ANNALS OF LINEA

Transkrypt

ANNALS OF LINEA
3
NIEREGULARNIK
NR. X, PO ŚWIĘTACH WIELKANOCNYCH , 2006
ANNALS OF LINEA
Pilnicze!
Tym razem przerwa pomiędzy dwoma kolejnymi numerami nieregularnika była dłuższa porwał mnie nerwowy, zniewalająco szybki wir codzienności. To paradoks, bo mam zamiar
opowiedzieć o rzeczach i ludziach niecodziennych.
Dwie krótkie historyjki zasłyszane od Rimantasa Dichaviciusa na uroczystym obiedzie
po otwarciu wystawy jego najnowszych grafik w Muzem Ziemi. W czasach liceum, jego żona
była pięknością mającą wielu adoratorów. Na przerwie jeden z nich, dla nawiązania kontaktu,
pożyczył pilniczek do paznokci. Potem wraz z pilniczkiem znikł tak nagle, jak się pojawił.
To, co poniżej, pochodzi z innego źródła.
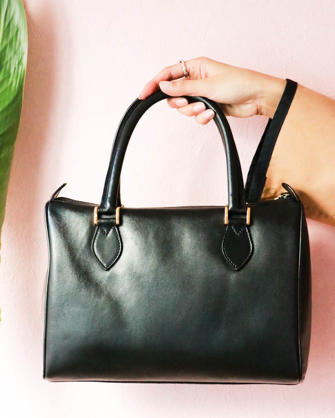 重厚感がありながらも細幅のマチと華奢なハンドルが軽やかにそして品よくみせます。

Adorator i pilniczek poszli wkrótce w zapomnienie bo strata była niewielka. Po
kilkudziesięciu latach, zamężnej już z Rimantasem, piękności niespodziewaną wizytę, złożył
niegdysiejszy adorator. Oddał pilniczek. Podziękował. Znikł bo na przerwie aresztowało go
CZeKa za jedną kartkę papieru zapisaną nie tak jak było wtedy wolno. Podziękował bo
pilniczek pomógł mu przetrwać kilkanaście lat ciężkich łagrów - był symbolem pierwszej
miłości, utraconej młodości, buntu - jedynym śladem łączącym go z normalnym życiem.
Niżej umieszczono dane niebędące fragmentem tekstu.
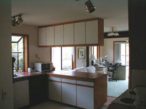 features a modern kitchen, with service for ten, open living areas, a large deck, in a private wooded setting. The main

Pilniczek mimo, że kruchy przetrwał niezliczone rewizje osobiste i lata zawieruchy. I wrócił
do właścicielki choć ta, stratę dawno już przebolała. Opowieść Rimantasa o niezwykłych
ludziach w niezwykłych czasach, o rzeczach małych, które dają wielką siłę godna jest, jak on
sam zauważył, epickiej opowieści na tysiące stron. Przykro mi, że tylko tyle z niej zostało.
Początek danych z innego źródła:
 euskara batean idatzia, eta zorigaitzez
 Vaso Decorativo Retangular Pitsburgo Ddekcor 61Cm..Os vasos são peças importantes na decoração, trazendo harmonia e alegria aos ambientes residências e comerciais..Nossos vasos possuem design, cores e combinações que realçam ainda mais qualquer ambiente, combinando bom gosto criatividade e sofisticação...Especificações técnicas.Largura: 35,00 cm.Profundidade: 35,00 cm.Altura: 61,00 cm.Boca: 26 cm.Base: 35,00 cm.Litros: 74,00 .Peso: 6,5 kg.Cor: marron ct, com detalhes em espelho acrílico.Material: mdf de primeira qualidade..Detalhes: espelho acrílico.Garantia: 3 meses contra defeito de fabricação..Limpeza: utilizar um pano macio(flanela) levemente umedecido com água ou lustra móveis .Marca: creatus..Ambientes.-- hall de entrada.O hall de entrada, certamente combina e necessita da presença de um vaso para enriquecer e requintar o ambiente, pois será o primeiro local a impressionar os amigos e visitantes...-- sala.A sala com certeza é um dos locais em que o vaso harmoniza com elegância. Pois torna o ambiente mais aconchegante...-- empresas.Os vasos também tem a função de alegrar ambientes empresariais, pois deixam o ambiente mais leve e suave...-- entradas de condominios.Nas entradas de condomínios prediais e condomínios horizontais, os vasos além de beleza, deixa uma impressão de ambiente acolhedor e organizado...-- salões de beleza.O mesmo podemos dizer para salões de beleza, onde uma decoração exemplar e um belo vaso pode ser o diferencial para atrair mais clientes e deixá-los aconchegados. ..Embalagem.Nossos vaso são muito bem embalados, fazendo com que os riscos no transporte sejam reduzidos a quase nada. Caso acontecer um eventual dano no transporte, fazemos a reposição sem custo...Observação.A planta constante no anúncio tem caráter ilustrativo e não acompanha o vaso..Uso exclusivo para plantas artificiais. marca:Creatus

Może innym razem, może w innym miejscu.
Kiedyś jeden z dziennikarzy zazdrościł w rozmowie Dichaviciusowi, że fotografując tyle
pięknych, nagich kobiet miał pewnie nieograniczone okazje do romansów. Rimantas
uśmiechnął się tylko i zaprzeczył. Nigdy nie dotknął żadnej ze swoich modelek, bo ważniejsza
od zewu krwi i okazji była dla niego miłość do czystej sztuki. I jeszcze jedno. Rimantas
zilustrował kilkaset nie swoich książek i albumów. Swoich wydał tylko dwa mimo, że pięknych
zdjęć zrobił w życiu tysiące. Dlaczego? Bo skromność i milość do sztuki była większa od
miłości własnej? Bo szacunek dla dzieła innych nie mniejszy był od szacunku dla siebie? Nie
wiem. Mnie o to nie pytajcie. Zapytajcie Rimantasa.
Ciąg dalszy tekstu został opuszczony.